New Delhi: The government of India has decided to go on a strategic sale and also turned down a suggestion to run operations for the next two-three years for Air India.
It may ask bidders to bid for Air India based upon combined equity and debt value or even shut down the national carrier.
The panel of officers who have been appointed to look upon the options proposed by the transaction adviser, Ernst & Young — is also not in favour to lessen the debt by Rs 23,000 crore.
Some other potential bidders have also sought clarification on this matter.
The final procedures have to be prepared by the core group disinvestment which will be headed by Cabinet secretary Rajiv Gauba, before the green light from a ministerial panel, the groundwork is done by the inter-ministerial group (IMG), the publication mentioned.
The top government sources suggested that the finance ministry is looking upon the department of investment and public asset management (Dipam) moving ahead with the disinvestment programme of public sector companies in line with the Cabinet decision. The fresh proposals are unlikely to be taken up immediately, As per Times of India.
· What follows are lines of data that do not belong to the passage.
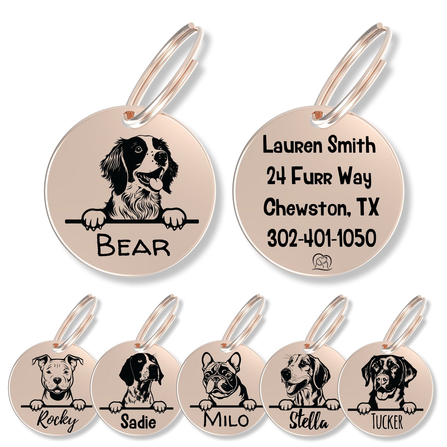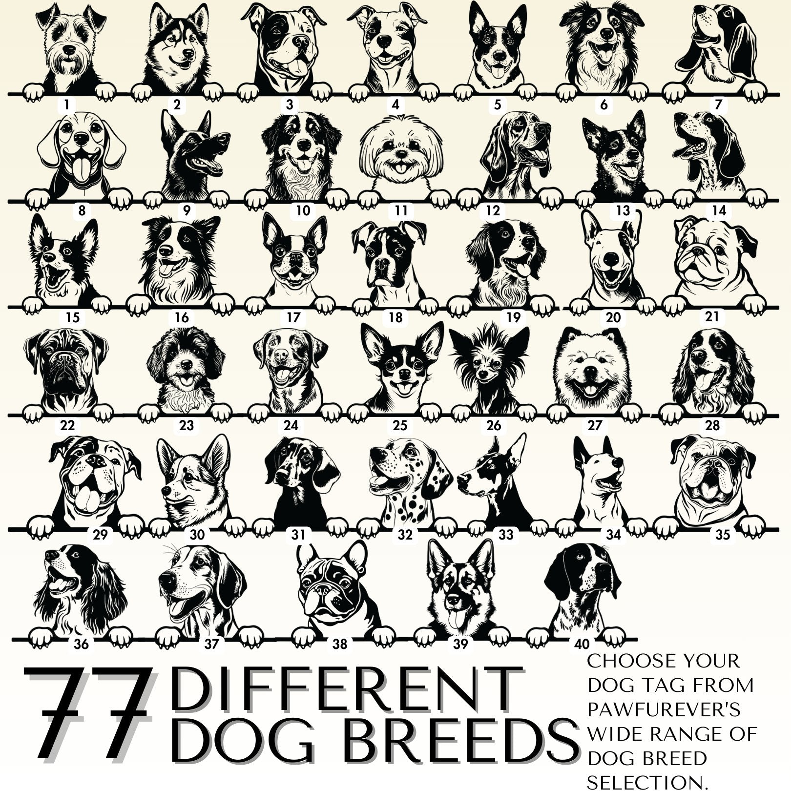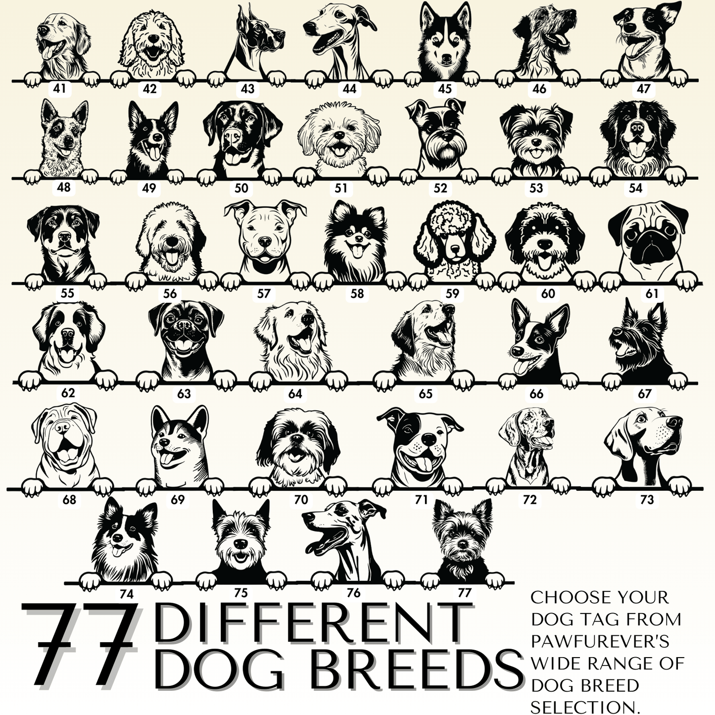 Put your pup's safety first with PawFurEver's extra-durable Personalized Dog ID Tag, with 75+ breed-specific designs and 3 colors to choose from. Get creative and add your own unique touch with our personalized engraving – get an image of your four-legged friend's breed laser-etched to recognize them like a rock star pup! The clear, long-lasting text will make it easy to spot, so you'll never have to worry about their safety again.
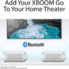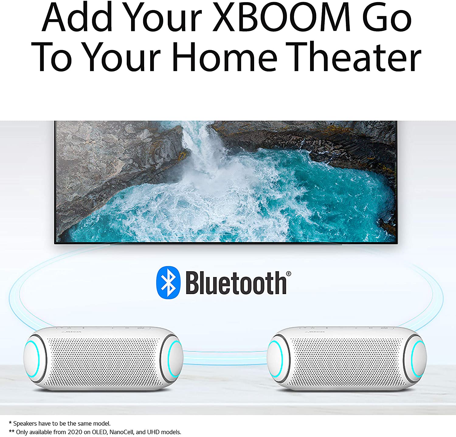 29. A Yes, you can add your LG XBOOM Go to your home theater. The portable Bluetooth speaker easily connects to compatible LG TVs to add rear stereo or surround sound to all your favorite sports, movies and TV shows. ^Daphane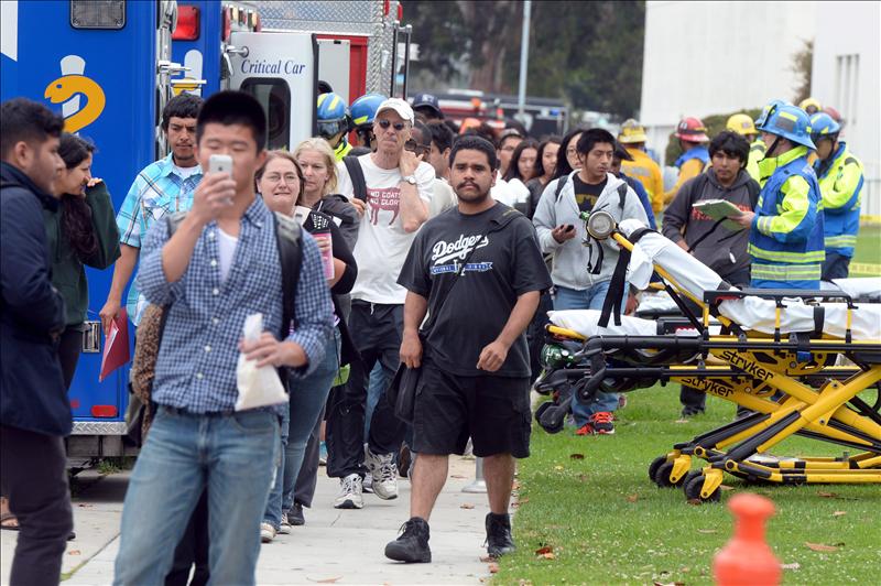 Varias personas son evacuadas del Santa Monica College despúes de un tiroteo en el que al menos siete personas resultaron heridas. EFE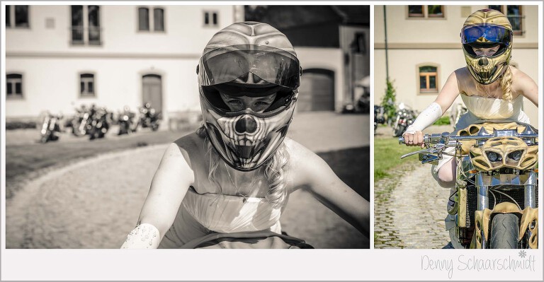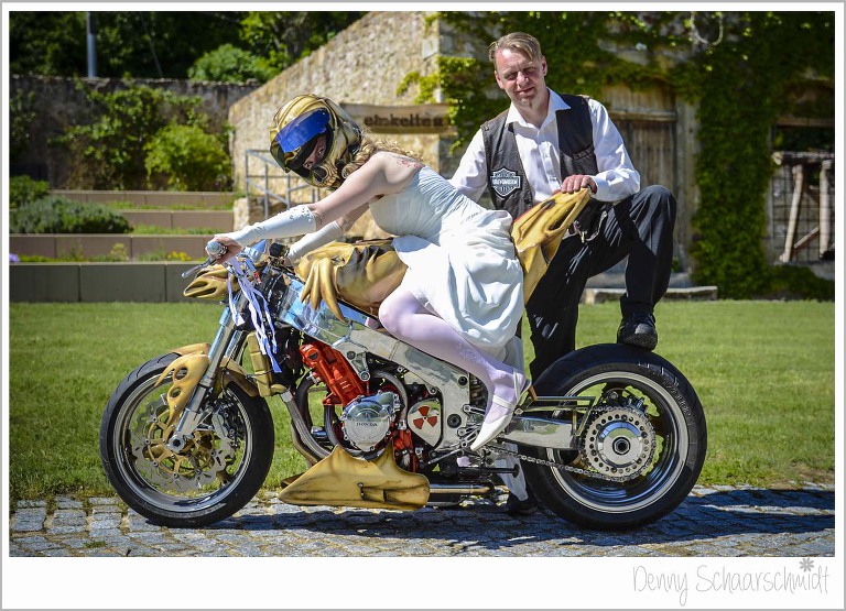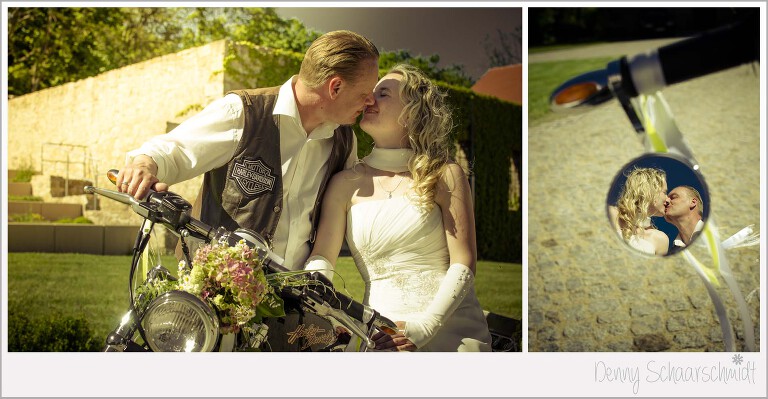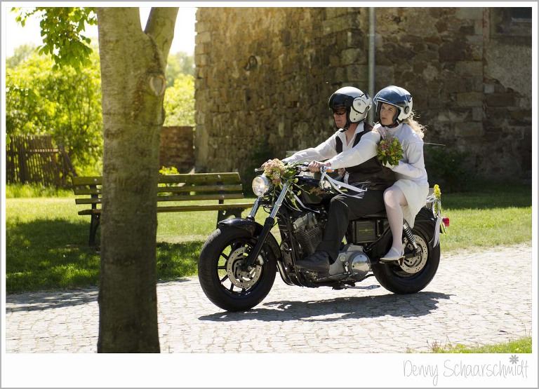 Claudia & Maik, die zwei Motorradfans haben sich auf einem Biker Treffen kennen gelernt. Seid dem gehen Sie den Weg durchs Leben gemeinsam. Die Hochzeit soll die Liebe jetzt noch besiegeln. Freunde der Beiden wollten ein tolles Hochzeitsgeschenk machen und kamen auf mich zu. Eine Motorradhochzeit ist schon was Feines und eine Hochzeitskutsche ist Schnee von gestern. Das Brautpaar hatte sich das etwas modernere Pferd ausgesucht…….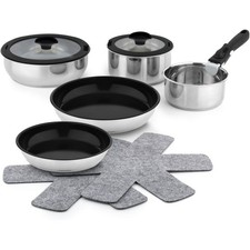 De savoureuses recettes sautées à la poêle ou gratinées au four, c'est la promesse de ESSENTIELB et sa batterie de cuisine de 10 pièces ! L'excellence signée ESSENTIELB Avec leur format rond et leurs diamètres variés, les éléments du set de poêles et casseroles ESSENTIELB mettent entre vos mains deux poêles, deux casseroles et une sauteuse en aluminium solide, résistantes et ultra-performantes. Idéaux pour faire dorer des viandes et pour les cuissons rapides, ces ustensiles en aluminium aux revêtements variés sont les alliés de votre cuisine ! Grâce à un aluminium solide, léger et facile à entretenir, la batterie de cuisine 10 pièces ESSENTIELB délivre une température parfaite en quelques instants et fera le bonheur des chefs amateurs pour toutes vos recettes. Dans un four comme sur une cuisinière, une plaque à induction ou sur un feu classique, votre batterie de cuisine contient une poignée amovible qui s'adapte à tous les récipients. Le plus : un revêtement anti-adhésif céramique assure aux deux poêles et à la sauteuse une cuisson parfaite sans accrocher. Simplicité et intuitivité Un design pointu fait de votre batterie de cuisine une sélection d'ustensiles élégants au look sobre grâce à des finitions inox élégantes, tandis que leur conception en aluminium léger en font des accessoires nobles aux finitions anti-adhésives quelle que soit votre recette. Flexible et adaptable, votre batterie de cuisine fonctionne aussi bien sur des plaques classiques que dans un four, et sa poignée amovible dispose d'une conception en bakélite et inox pour une prise en main hors pair. Matériau ultra résistant et polyvalent, l'aluminium permet une diffusion optimale de la chaleur pour vous aider à réaliser toutes vos recettes en quelques instants. Le plus : avec une conception exclusive signée ESSENTIELB, votre batterie de cuisine dispose de 2 couvercles et s'adapte à tous les feux.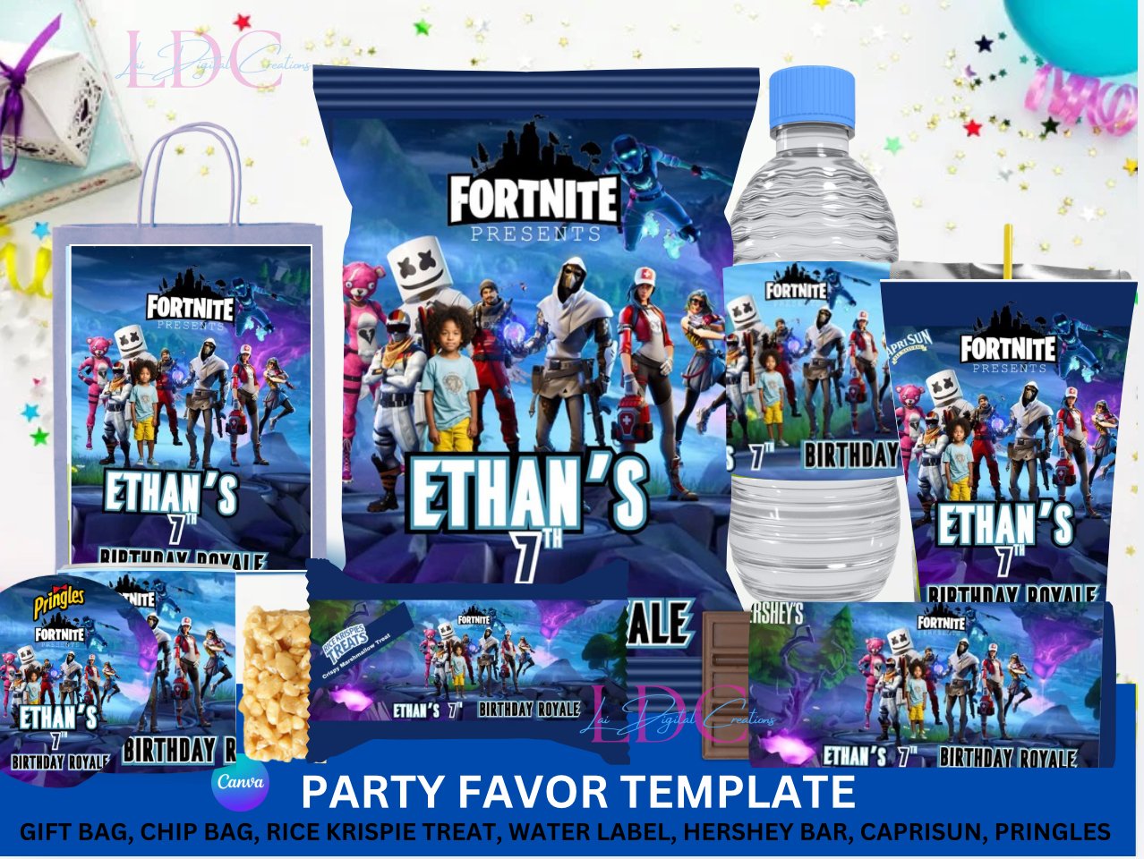 Editable Fortnite Party Favor Templates | Customizable Designs for Canva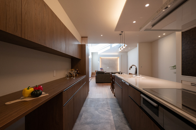 背面のカップボードもキッチンと同色で統一されており、空間にまとまりと高級感をもたらします。

Air India has about 15,000 employees and vast infrastructure, and closure of the airline was not an option. Also, it will lead to more value erosion. Aviation minister Hardeep Puri has several times said that the choice “is between privatising and closing down”.
The government has extended the deadline for the submission of interest to October 30. According to sources, The inter-ministerial group (IMG) was of the view that the equity value dropped over the last one year due to Air India losing market share as Covid-19 largely affected its profitability.
An officer said “Fewer the conditions, the better it is,” and also added that the government is keen to exit the national carrier which has been in the drain on the exchequer for several years.